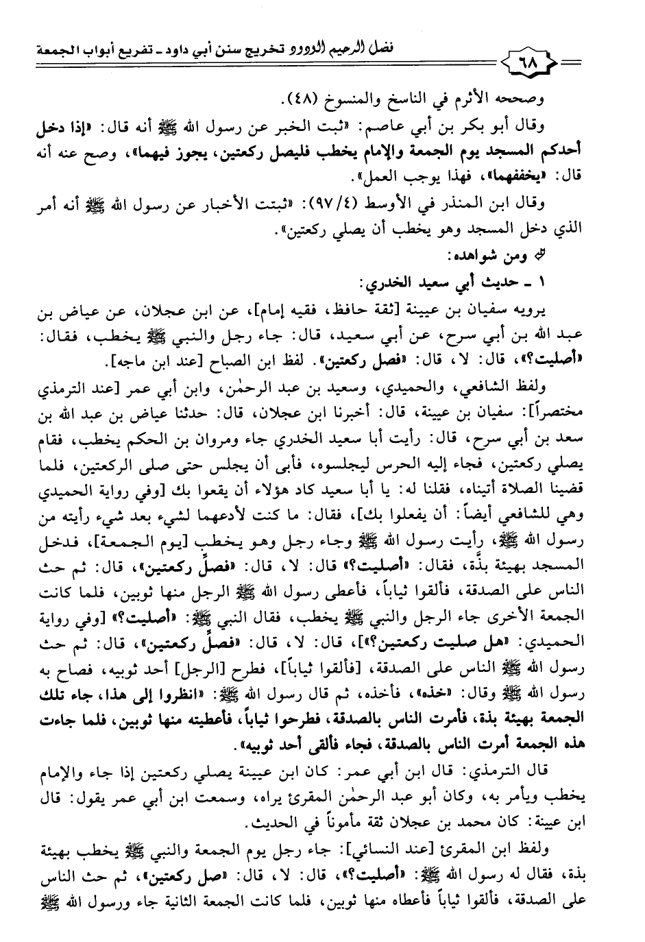 ولفظ الشافعي، والحميدي، وسعيد بن عبد الرحمن، وابن أبي عمر [عند الترمذي مختصرًا]: سفيان بن عيينة، قال: أخبرنا ابن عجلان، قال: حدثنا عياض بن عبد اللَّه بن سعد بن أبي سرح، قال: رأيت أبا سعيد الخدري جاء ومروان بن الحكم يخطب، فقام يصلي ركعتين، فجاء إليه الحرس ليجلسوه، فأبى أن يجلس حتى صلى الركعتين، فلما قضينا الصلاة أتيناه، فقلنا له: يا أبا سعيد كاد هؤلاء أن يقعوا بك [وفي رواية الحميدي وهي للشافعي أيضًا: أن يفعلوا بك]، فقال: ما كنت لأدعهما لشيء بعد شيء رأيته من رسول اللَّه -صلى اللَّه عليه وسلم-، رأيت رسول اللَّه -صلى اللَّه عليه وسلم- وجاء رجل وهو يخطب [يوم الجمعة]، فدخل المسجد بهيئة بذَّة، فقال: "أصليت؟ " قال: لا، قال: "فصلِّ ركعتين"، قال: ثم حث الناس على الصدقة، فألقوا ثيابًا، فأعطى رسول اللَّه -صلى اللَّه عليه وسلم- الرجل منها ثوبين، فلما كانت الجمعة الأخرى جاء الرجل والنبي -صلى اللَّه عليه وسلم- يخطب، فقال النبي -صلى اللَّه عليه وسلم-: "أصليت؟ " [وفي رواية الحميدي: "هل صليت ركعتين؟ "]، قال: لا، قال: "فصلِّ ركعتين"، قال: ثم حث رسول اللَّه -صلى اللَّه عليه وسلم- الناس على الصدقة، [فألقوا ثيابًا]، فطرح [الرجل] أحد ثوبيه، فصاح به رسول اللَّه -صلى اللَّه عليه وسلم- وقال: "خذه"، فأخذه، ثم قال رسول اللَّه -صلى اللَّه عليه وسلم-: "انظروا إلى هذا، جاء تلك الجمعة بهيئة بذة، فأمرت الناس بالصدقة، فطرحوا ثيابًا، فأعطيته منها ثوبين، فلما جاءت هذه الجمعة أمرت الناس بالصدقة، فجاء فألقى أحد ثوبيه".
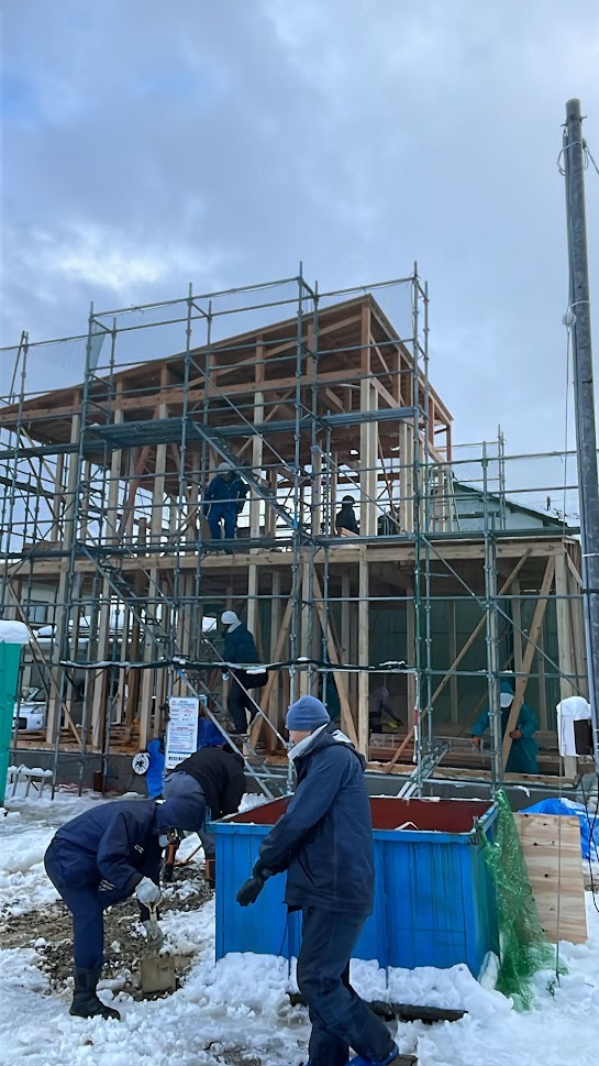 お昼休憩前には2階も組みあがり、屋根組みに着手するまで作業はすすみました。はやー。ちなみにボクは2階の床板が張られた時点で1階床下に溜まってしまった雪をエッチラホッチラと掻き出していました。いい運動になった~。
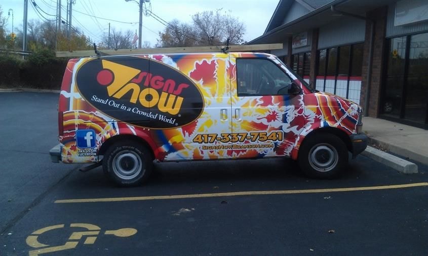 Don’t want to be caught in the rear view? Customized vehicle wraps from Signs Now Branson will keep you miles ahead of the competition! Vehicle wrapping is one of the fastest growing mediums in advertising and will give you an outstanding return on investment, compared to other media. Virtually every American travels in a vehicle each week as either a driver or a passenger - so your odds of being noticed as a moving billboard are very good, especially with quality graphics on vinyl vehicle wraps. At Signs Now Branson, our team of highly trained professionals will work with you to determine the best and most cost-effective solution to turn your company vehicle into a high-impact advertisement.
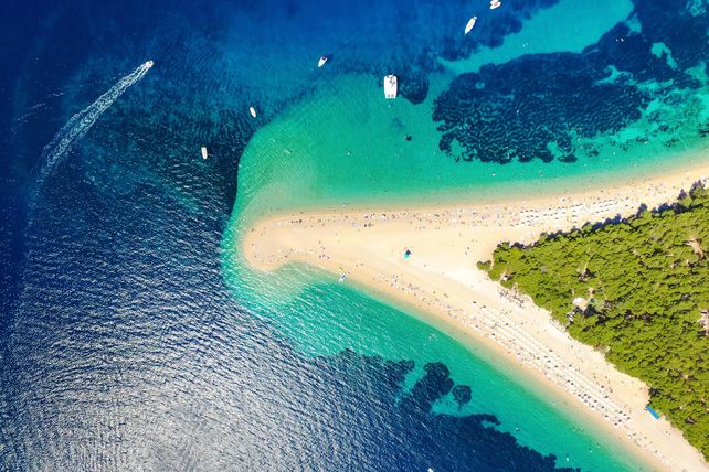Einer der Top-Strände auf der Insel Brač ist der Zlatni Rat. Zum „Goldenen Horn” ‒ wie der Strand auf deutsch genannt wird ‒ gelangen Reisende von Split aus mit der Fähre. Trotz seiner Popularität ist der Strand ein echtes Juwel mit seinem gold-schimmernden Feinkies, türkisblauem Wasser und dem Duft von Kiefern. Bei einem Ausflug können Urlauber das nahegelegene Höhlenkloster Blaca besichtigen und sogar eine geführte Tour durch sein Inneres  machen.
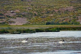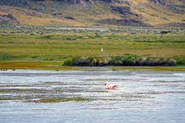 A variety of birds – geese and flamingos – populate the marshy ponds
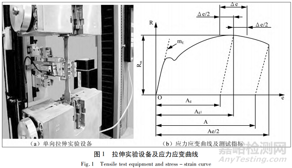 簡單的成形工藝控制指標一般采用單向拉伸實驗進行檢測,設(shè)備和應(yīng)力-應(yīng)變曲線如圖1所示,測試指標包括應(yīng)力-應(yīng)變曲線、屈服強度、抗拉強度、加工硬化指數(shù)n、各向異性系數(shù)r值等。其中,應(yīng)力-應(yīng)變曲線包含了所有單向成形性能信息,一般采用方程δ=K×εn進行描述;屈服強度指材料開始發(fā)生塑性變形的強度,其屈服形式包括非比例屈服、上屈服、下屈服等,屈服強度、屈服形式、屈服應(yīng)力值和屈服平臺量等可綜合用于評價和預(yù)測出現(xiàn)成形褶皺缺陷的情況。單向拉伸描述的材料成形屈服準則較為簡單,即材料單向應(yīng)力達到屈服點時由彈性狀態(tài)進入塑性狀態(tài)??估瓘姸仁遣牧侠鞌嗔褧r的強度,用于簡單評價材料成形破裂時達到的強度值。加工硬化指數(shù)n值表征材料塑性變形過程中強度增加的能力,n值越高,材料抵抗縮頸變形的能力越強,平均n值一般由拉伸設(shè)備直接測量得出,瞬時n值等可由拉伸曲線計算得出;各向異性系數(shù)r值指材料沖壓塑性應(yīng)變比,是寬度方向應(yīng)變值與厚度方向應(yīng)變值的比值,表征材料減薄變形能力,r值越高,材料越不易減薄開裂。

- _Task requirements_
Drop the images; copy every entry above exactly.

- _Result of this exercise_
 ولفظ الشافعي، والحميدي، وسعيد بن عبد الرحمن، وابن أبي عمر [عند الترمذي مختصرًا]: سفيان بن عيينة، قال: أخبرنا ابن عجلان، قال: حدثنا عياض بن عبد اللَّه بن سعد بن أبي سرح، قال: رأيت أبا سعيد الخدري جاء ومروان بن الحكم يخطب، فقام يصلي ركعتين، فجاء إليه الحرس ليجلسوه، فأبى أن يجلس حتى صلى الركعتين، فلما قضينا الصلاة أتيناه، فقلنا له: يا أبا سعيد كاد هؤلاء أن يقعوا بك [وفي رواية الحميدي وهي للشافعي أيضًا: أن يفعلوا بك]، فقال: ما كنت لأدعهما لشيء بعد شيء رأيته من رسول اللَّه -صلى اللَّه عليه وسلم-، رأيت رسول اللَّه -صلى اللَّه عليه وسلم- وجاء رجل وهو يخطب [يوم الجمعة]، فدخل المسجد بهيئة بذَّة، فقال: "أصليت؟ " قال: لا، قال: "فصلِّ ركعتين"، قال: ثم حث الناس على الصدقة، فألقوا ثيابًا، فأعطى رسول اللَّه -صلى اللَّه عليه وسلم- الرجل منها ثوبين، فلما كانت الجمعة الأخرى جاء الرجل والنبي -صلى اللَّه عليه وسلم- يخطب، فقال النبي -صلى اللَّه عليه وسلم-: "أصليت؟ " [وفي رواية الحميدي: "هل صليت ركعتين؟ "]، قال: لا، قال: "فصلِّ ركعتين"، قال: ثم حث رسول اللَّه -صلى اللَّه عليه وسلم- الناس على الصدقة، [فألقوا ثيابًا]، فطرح [الرجل] أحد ثوبيه، فصاح به رسول اللَّه -صلى اللَّه عليه وسلم- وقال: "خذه"، فأخذه، ثم قال رسول اللَّه -صلى اللَّه عليه وسلم-: "انظروا إلى هذا، جاء تلك الجمعة بهيئة بذة، فأمرت الناس بالصدقة، فطرحوا ثيابًا، فأعطيته منها ثوبين، فلما جاءت هذه الجمعة أمرت الناس بالصدقة، فجاء فألقى أحد ثوبيه".
 お昼休憩前には2階も組みあがり、屋根組みに着手するまで作業はすすみました。はやー。ちなみにボクは2階の床板が張られた時点で1階床下に溜まってしまった雪をエッチラホッチラと掻き出していました。いい運動になった~。
 Don’t want to be caught in the rear view? Customized vehicle wraps from Signs Now Branson will keep you miles ahead of the competition! Vehicle wrapping is one of the fastest growing mediums in advertising and will give you an outstanding return on investment, compared to other media. Virtually every American travels in a vehicle each week as either a driver or a passenger - so your odds of being noticed as a moving billboard are very good, especially with quality graphics on vinyl vehicle wraps. At Signs Now Branson, our team of highly trained professionals will work with you to determine the best and most cost-effective solution to turn your company vehicle into a high-impact advertisement.
Einer der Top-Strände auf der Insel Brač ist der Zlatni Rat. Zum „Goldenen Horn” ‒ wie der Strand auf deutsch genannt wird ‒ gelangen Reisende von Split aus mit der Fähre. Trotz seiner Popularität ist der Strand ein echtes Juwel mit seinem gold-schimmernden Feinkies, türkisblauem Wasser und dem Duft von Kiefern. Bei einem Ausflug können Urlauber das nahegelegene Höhlenkloster Blaca besichtigen und sogar eine geführte Tour durch sein Inneres  machen.
 A variety of birds – geese and flamingos – populate the marshy ponds
 簡單的成形工藝控制指標一般采用單向拉伸實驗進行檢測,設(shè)備和應(yīng)力-應(yīng)變曲線如圖1所示,測試指標包括應(yīng)力-應(yīng)變曲線、屈服強度、抗拉強度、加工硬化指數(shù)n、各向異性系數(shù)r值等。其中,應(yīng)力-應(yīng)變曲線包含了所有單向成形性能信息,一般采用方程δ=K×εn進行描述;屈服強度指材料開始發(fā)生塑性變形的強度,其屈服形式包括非比例屈服、上屈服、下屈服等,屈服強度、屈服形式、屈服應(yīng)力值和屈服平臺量等可綜合用于評價和預(yù)測出現(xiàn)成形褶皺缺陷的情況。單向拉伸描述的材料成形屈服準則較為簡單,即材料單向應(yīng)力達到屈服點時由彈性狀態(tài)進入塑性狀態(tài)??估瓘姸仁遣牧侠鞌嗔褧r的強度,用于簡單評價材料成形破裂時達到的強度值。加工硬化指數(shù)n值表征材料塑性變形過程中強度增加的能力,n值越高,材料抵抗縮頸變形的能力越強,平均n值一般由拉伸設(shè)備直接測量得出,瞬時n值等可由拉伸曲線計算得出;各向異性系數(shù)r值指材料沖壓塑性應(yīng)變比,是寬度方向應(yīng)變值與厚度方向應(yīng)變值的比值,表征材料減薄變形能力,r值越高,材料越不易減薄開裂。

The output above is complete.